Spectroscopic redshifts have been measured for over 400 galaxies using the fibre spectrograph AAOmega in the AKARI Deep Field South, the first significant spectroscopic campaign in a relatively new, cirrus-free deep field. A local luminosity function of galaxies in this field is also presented, using far-infrared data from AKARI. Various properties are deduced from the atomic emission lines detected, and star-forming spectral energy distribution templates are fitted to these sources using the multi-wavelength data available. The majority of these galaxies are dominated by emission from star formation, and local sources show relatively low dust extinction.

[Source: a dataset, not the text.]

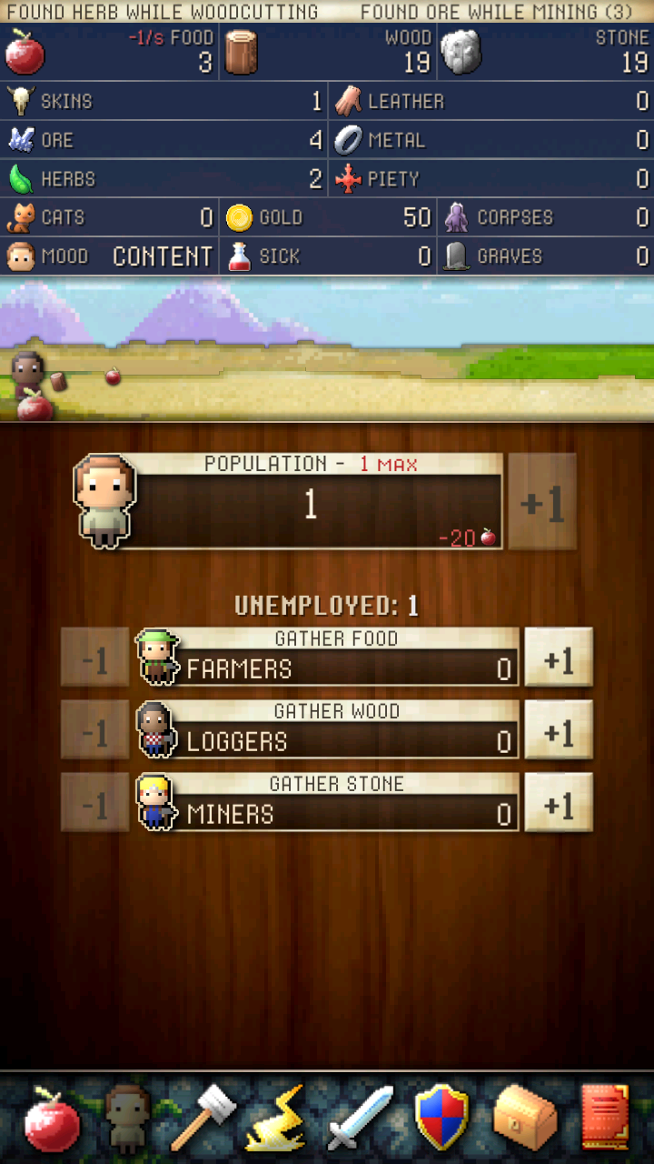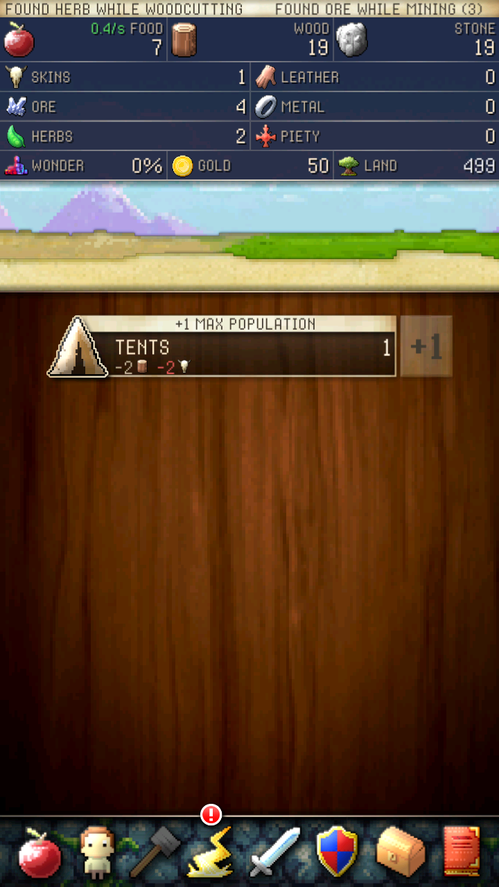 除了基础资源,游戏还有毛皮、矿石、草药等高级材料,可以加工成皮革、金币等更有价值的物品。随着资源积累,可以组建军队、扩张领土,并解锁新的科技和能力。人口可以帮助你采集更多资源,但是食物支出超过获取,会导致资源减少、人口下降。

AKARI’s own near-infrared spectroscopic facility was used to observe well-known submillimetre targets in other well-studied deep fields. The most interesting result was the detection of high redshift (z > 3.5) Hα emission lines in two radio galaxies and two submillimetre galaxies shown to be associated with one of them, the highest-redshift Hα detections so far discovered in star-forming galaxies. Both radio galaxies are shown to be quasars, and one is part of a binary quasar. The result from stacking all the Hα targets is also presented.

Two Graphic User Interfaces (GUIs) were written to help with these projects and are described in this thesis.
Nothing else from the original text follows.